If it is a common problem, why did we not know before? In Windows, all different kind of events should happen very frequently. If it is specific for intercept_exception, it is not good to change at emit_intercept_code.

derekbruening commented 9 years ago

From derek.br...@gmail.com on August 05, 2010 12:53:50

emit_intercept_code emits the code for intercepting apcs, callbacks, exceptions, etc., so it is the right place to change

derekbruening commented 9 years ago

From qin.zhao@gmail.com on August 05, 2010 13:04:29

I think it is more safe to shift 8 byte before the app_state_at_intercept_t by adding "lea rsp, [rsp-8h]" before "189f137b: push 0", and then change "lea rsp, [rsp+8h]" to "lea rsp, [rsp + 16h]" later after popfq.

derekbruening commented 9 years ago

From qin.zhao@gmail.com on August 05, 2010 13:08:58

It seems the PC slot is not used, "189f137b: push 0", shall we just replace it with "lea rsp, [rsp-16h]"

derekbruening commented 9 years ago

From qin.zhao@gmail.com on August 06, 2010 07:34:41

replace "push 0" won't work, because the intercept_exception will access the stack beyond the app_state_at_intecept.

Also, another reason causes many test cases fail in release build is the compiler produce optimized code. For example, the 51/68 cleancall test case, the test code should have a "nop, nop, call" sequence to identify the position. However, the compiler optimized away the nop operation and causes the failure.

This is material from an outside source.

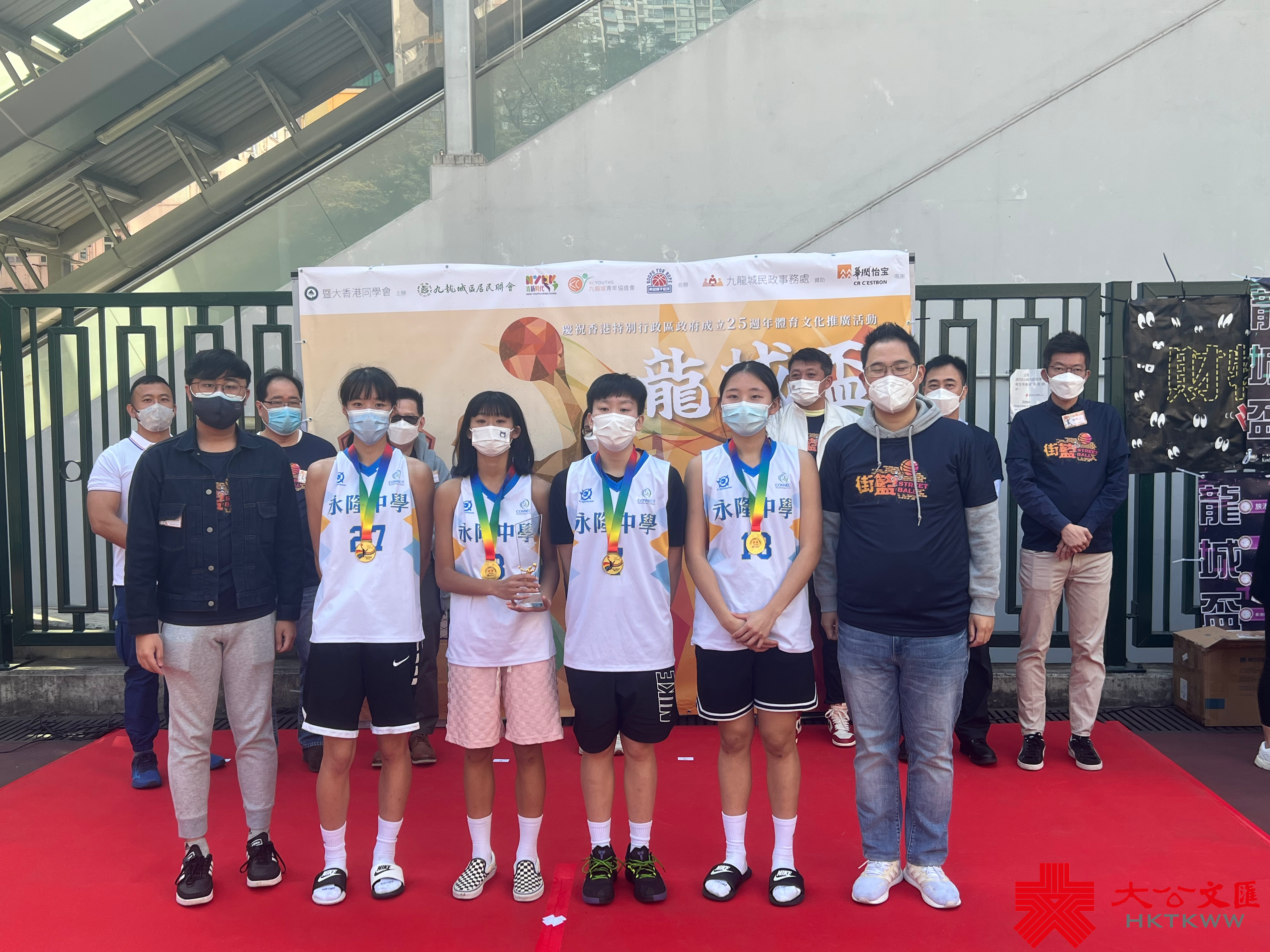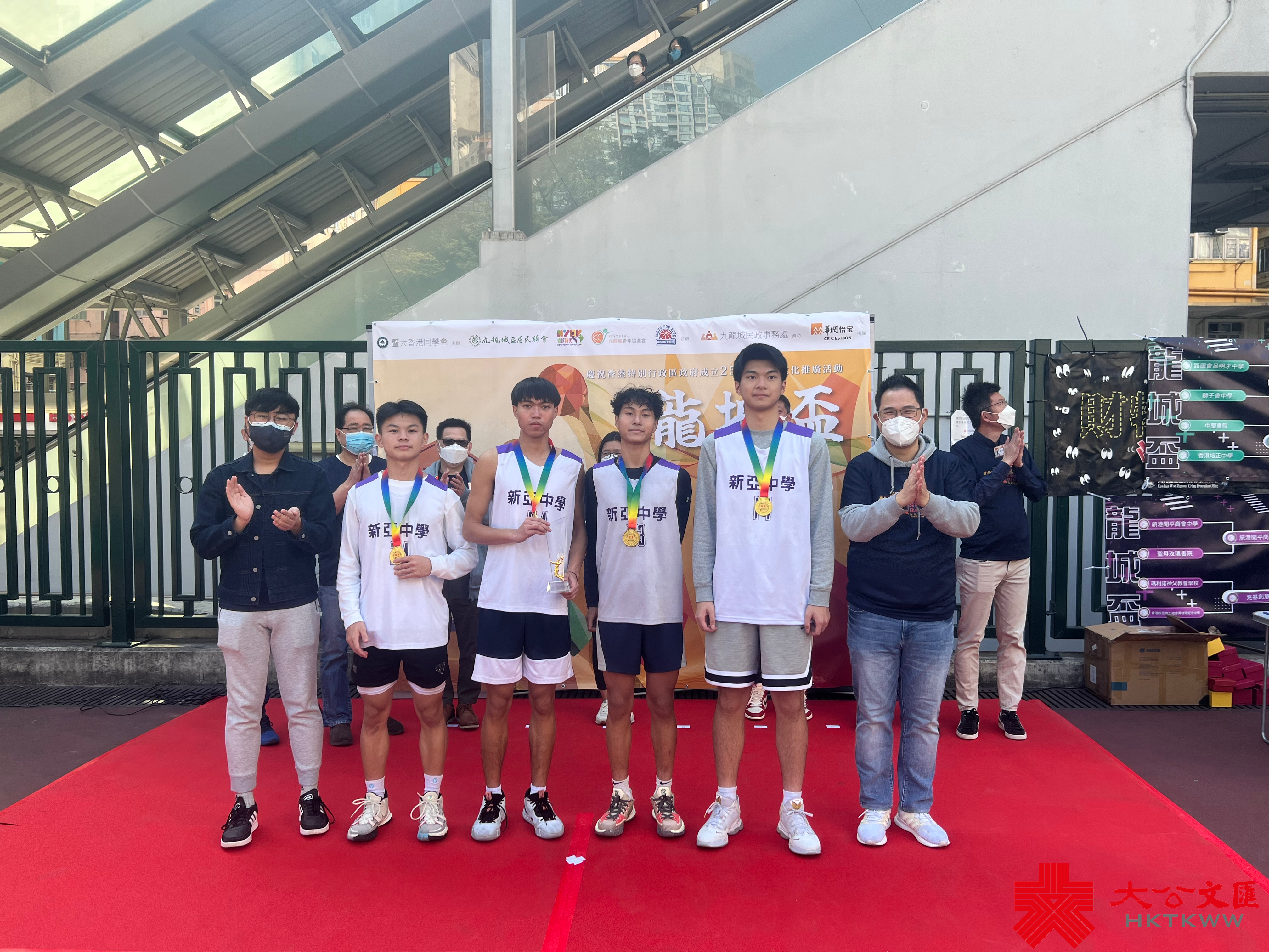 (大公文匯全媒體 記者 周傾芫)由暨大香港同學會主辦,九龍城區居民聯會、青新時代、希望種子籃球、九龍城青年協進會、九龍城民政事務處合作舉辦的「龍城盃」街籃爭霸賽,今日(27日)在何文田蕪湖街臨時遊樂場舉行。立法會議員楊永杰、暨大香港同學會主席馮務君、九龍城民政事務助理專員陳子豐、九龍城區居民聯會首席會長鍾子權、九龍城青年協進會主席陳欣耀、希望種子籃球亞洲教練梁國成等出席總決賽並擔任頒獎嘉賓。

derekbruening commented 9 years ago

From qin.zhao@gmail.com on August 10, 2010 10:25:22

Another failure is caused by file path. In events.dll.c:307 module_load_event_perm, it does not expect server-style path, but in release build it sees \Device\HarddiskVolume2\WINDOWS\system32\shell32.dll \Device\HarddiskVolume2\WINDOWS\system32\msvcrt.dll \Device\HarddiskVolume2\WINDOWS\system32\gdi32.dll \Device\HarddiskVolume2\WINDOWS\system32\user32.dll ... While in debug build it sees C:\WINDOWS\system32\shell32.dll C:\WINDOWS\system32\msvcrt.dll C:\WINDOWS\system32\gdi32.dll C:\WINDOWS\system32\user32.dll C:\WINDOWS\system32\advapi32.dll C:\WINDOWS\system32\rpcrt4.dll C:\WINDOWS\system32\secur32.dll C:\WINDOWS\system32\shlwapi.dll C:\WINDOWS\system32\imm32.dll C:\WINDOWS\system32\lpk.dll C:\WINDOWS\system32\usp10.dll

So we should remove the check if it is a release build

derekbruening commented 9 years ago

From qin.zhao@gmail.com on August 10, 2010 11:32:13

For test case 41 - code_api|security-common.jmp_from_trace (Failed) It seems the release build fail to register the exception handler for the executable, and lose the control, and the native code executed directly at its own place.